The Battle of Chapultepec was a battle between American forces and Mexican forces holding the strategically located Chapultepec Castle just outside Mexico City, fought 13 September 1847 during the Mexican–American War. The building, sitting atop a  hill, was an important position for the defense of the city.

The battle was part of the campaign to take Mexico City, for which General Winfield Scott's U.S. Army totaled 7,200 men. General Antonio López de Santa Anna, commander of the Mexican army, had formed an army of approximately 25,000 men. Mexican forces, including military cadets of the Military Academy, defended the position at Chapultepec against 2,000 U.S. forces. The Mexicans' loss opened the way for the Americans to take the center of Mexico City.

In Mexican history, the battle is cast as the story of the brave deaths of six cadets, the Niños Héroes, who leapt to their deaths rather than be taken captive, with one wrapping himself in the Mexican flag. American sources also feature many depictions of the battle from the American point of view. Although it lasted only about 60–90 minutes, the battle has great importance in the histories of both countries.

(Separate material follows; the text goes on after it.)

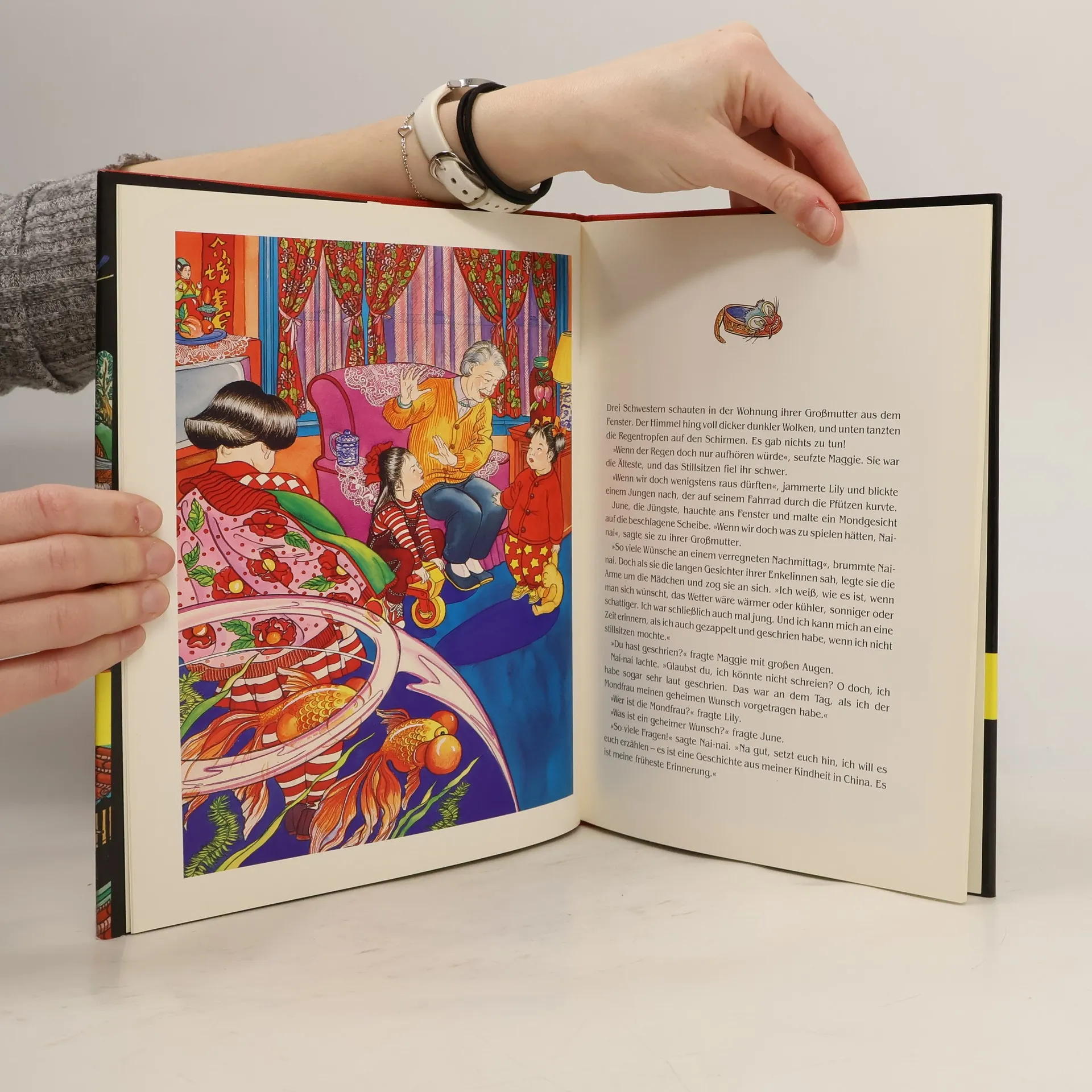 Die chinesische Grossmutter erzählt ihren Enkeln die Geschichte von der Mondfrau, die einmal im Jahr erscheint, um den Menschen ihre geheimsten Wünsche zu erfüllen.

Scott's campaign to take Mexico City

Scott had taken a risk by marching inland from the port of Veracruz, going beyond his supply lines.  He fought a major battle at Cerro Gordo, but encountered virtually no resistance in capturing Mexico's second-largest city, Puebla. He then pushed further toward the capital. Scott avoided the direct route from Puebla to Mexico City because the road was heavily defended at El Peñon. Instead, he cut a road looping south of Lake Chalco and Lake Xochimilco to the town of San Agustín. The Mexican defenders blocked the route to the capital at Hacienda of San Antonio, with marshes to their north and a lava field to the south, known as the Pedregal. General Gideon Johnson Pillow's division cut a road for artillery through the Pedregal to engage the entrenched Mexican forces under General Gabriel Valencia at Contreras on 20 August. The Mexicans were routed and the U.S. forces pressed on.  Santa Anna fortified the ex-convent at Churubusco, with fierce fighting there. A 2-week armistice followed the battle.

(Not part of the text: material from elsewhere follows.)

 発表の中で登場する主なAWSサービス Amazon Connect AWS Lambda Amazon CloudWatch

On September 8, 1847, in the costly Battle of Molino del Rey, U.S. forces had managed to drive the Mexicans from their positions near the base of Chapultepec Castle guarding Mexico City from the west, but Army engineers were still interested in the southern causeways to the city. General Scott held a council of war with his generals and engineers on September 11.  Scott was in favor of attacking Chapultepec, and only General David E. Twiggs agreed. Most of Scott's officers favored the attack through the southern gates, including Captain Robert E. Lee. A young lieutenant, P. G. T. Beauregard, gave a speech that persuaded General Franklin Pierce to change his vote in favor of the western attack. Given that Mexican forces defended fortified positions tenaciously and had inflicted severe casualties on U.S. forces at Molino del Rey and Cerro Gordo, the decision to attack Chapultepec was not taken lightly.

Battle

General Lopez de Santa Anna was in command of the army at Mexico City, and understood that Chapultepec Castle was an important position for the defense of the city. The castle sat atop a 200-ft-tall hill, which was used as the Mexican Military Academy. Although Santa Anna's total forces defending Mexico City were larger than Scott's, he had to defend multiple positions, since he did not know from where the attack would come. He did not have enough troops to effectively defend both the southern causeways into Mexico City and Chapultepec Castle, at a distance from the capital. At Chapultepec, General Nicolás Bravo had fewer than 1,000 men (832 total including 250 from the 10th Infantry, 115 from the Querétaro Battalion, 277 from the Mina Battalion, 211 from the Union Battalion, 27 from the Toluca Battalion and 42 from the Patria Battalion) and only seven guns (Gen. Manuel Gamboa with two 24-lb, one 8-lb, three 4-lb. and one howitzer) to hold the hill. These forces also included about 200 cadets, some as young as 13 years old. Also defending the castle was the Batallón de San Blas under the command of Lieutenant Colonel Felipe Xicoténcatl, a hero of the battle, along with six cadets who died defending the castle.  Thinking that the attack would come from the south, Santa Anna devoted preparation time and troops there, both before and during the bombardment. He did not realize his mistake until the U.S. troops were actually on the hill, but that was too late.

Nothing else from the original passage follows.